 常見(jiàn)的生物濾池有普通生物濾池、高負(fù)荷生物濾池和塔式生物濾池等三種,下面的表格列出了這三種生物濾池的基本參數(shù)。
==
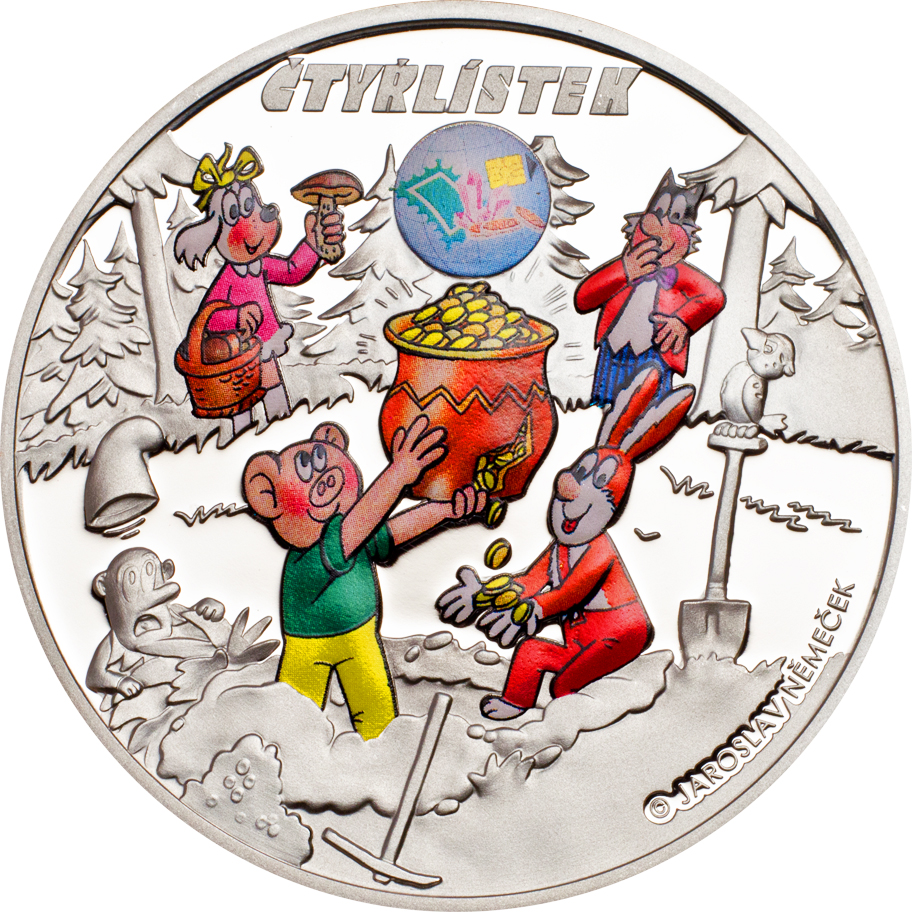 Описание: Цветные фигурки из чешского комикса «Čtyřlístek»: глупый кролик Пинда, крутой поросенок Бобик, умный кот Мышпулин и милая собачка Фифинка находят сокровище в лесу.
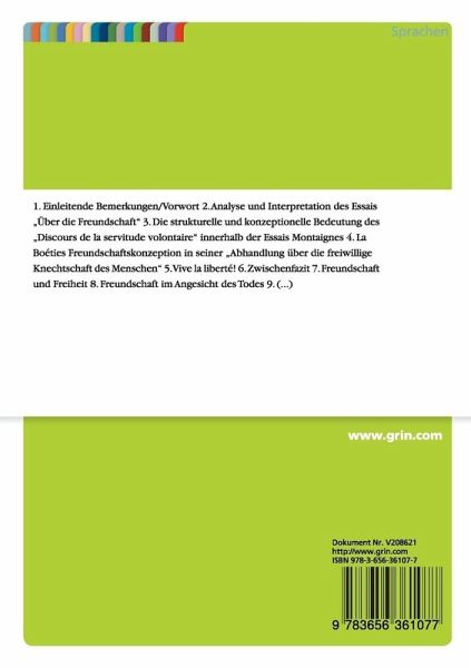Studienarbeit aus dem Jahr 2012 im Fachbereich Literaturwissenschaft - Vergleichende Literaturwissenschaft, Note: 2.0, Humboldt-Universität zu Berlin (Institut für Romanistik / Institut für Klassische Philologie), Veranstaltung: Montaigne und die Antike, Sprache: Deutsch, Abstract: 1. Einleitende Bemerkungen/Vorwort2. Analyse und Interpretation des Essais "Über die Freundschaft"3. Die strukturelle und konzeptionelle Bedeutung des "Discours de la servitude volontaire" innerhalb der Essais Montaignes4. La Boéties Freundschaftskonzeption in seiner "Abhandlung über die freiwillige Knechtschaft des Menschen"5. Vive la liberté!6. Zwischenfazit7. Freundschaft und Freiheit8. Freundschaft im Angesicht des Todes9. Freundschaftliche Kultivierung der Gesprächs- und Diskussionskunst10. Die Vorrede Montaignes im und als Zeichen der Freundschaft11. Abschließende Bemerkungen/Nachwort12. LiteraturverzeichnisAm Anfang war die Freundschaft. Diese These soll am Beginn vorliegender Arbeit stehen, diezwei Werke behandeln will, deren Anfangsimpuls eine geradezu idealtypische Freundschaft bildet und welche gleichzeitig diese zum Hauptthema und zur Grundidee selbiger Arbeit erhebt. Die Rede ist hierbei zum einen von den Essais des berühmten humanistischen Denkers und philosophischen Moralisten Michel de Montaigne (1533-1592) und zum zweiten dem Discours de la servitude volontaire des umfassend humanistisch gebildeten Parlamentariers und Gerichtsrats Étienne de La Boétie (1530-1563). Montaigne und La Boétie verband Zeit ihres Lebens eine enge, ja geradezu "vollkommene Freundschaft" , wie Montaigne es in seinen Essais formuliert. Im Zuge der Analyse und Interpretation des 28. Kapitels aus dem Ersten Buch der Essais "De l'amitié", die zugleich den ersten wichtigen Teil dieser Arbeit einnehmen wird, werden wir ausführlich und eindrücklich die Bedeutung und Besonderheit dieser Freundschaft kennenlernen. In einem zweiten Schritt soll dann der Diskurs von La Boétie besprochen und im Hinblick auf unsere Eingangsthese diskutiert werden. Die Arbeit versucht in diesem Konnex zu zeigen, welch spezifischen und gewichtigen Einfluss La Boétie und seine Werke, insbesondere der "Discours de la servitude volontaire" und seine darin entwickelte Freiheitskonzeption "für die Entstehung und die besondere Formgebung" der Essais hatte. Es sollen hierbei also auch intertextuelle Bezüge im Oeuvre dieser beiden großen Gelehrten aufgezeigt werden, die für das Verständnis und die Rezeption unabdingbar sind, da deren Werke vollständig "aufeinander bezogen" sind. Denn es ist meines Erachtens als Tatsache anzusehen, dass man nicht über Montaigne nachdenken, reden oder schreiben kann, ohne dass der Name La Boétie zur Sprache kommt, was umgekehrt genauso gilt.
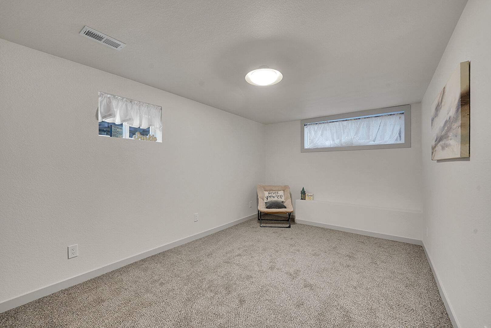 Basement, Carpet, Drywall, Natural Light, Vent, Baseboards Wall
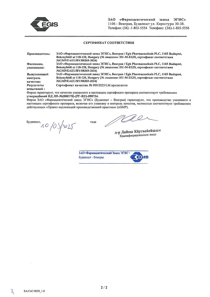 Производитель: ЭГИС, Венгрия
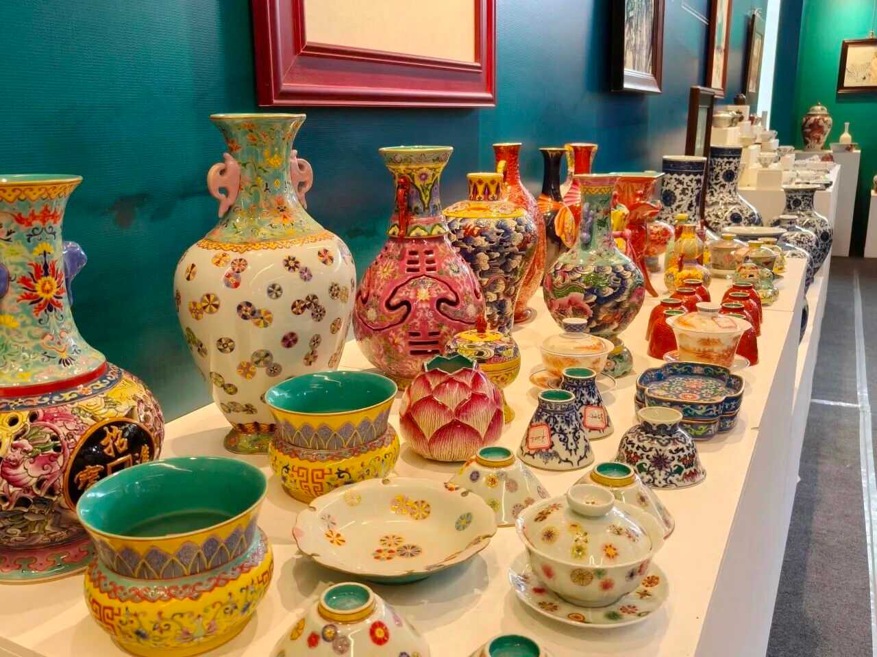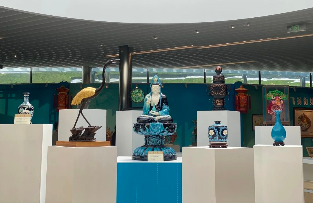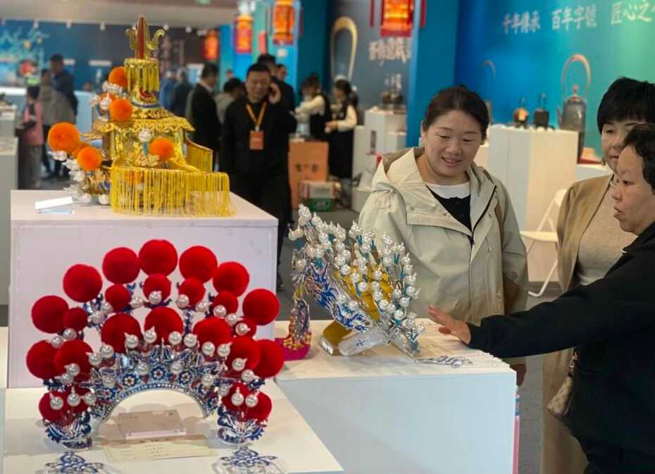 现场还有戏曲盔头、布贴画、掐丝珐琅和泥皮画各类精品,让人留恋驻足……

▶ **WORK REQUEST**
Take the material above and output only the lines from the one that contains "Производитель: ЭГИС, Венгрия" through the one that contains "现场还有戏曲盔头、布贴画、掐丝珐琅和泥皮画各类精品,让人留恋驻足……", ends included and images left out.

▶ **TASK ANSWER**
 Производитель: ЭГИС, Венгрия
 现场还有戏曲盔头、布贴画、掐丝珐琅和泥皮画各类精品,让人留恋驻足……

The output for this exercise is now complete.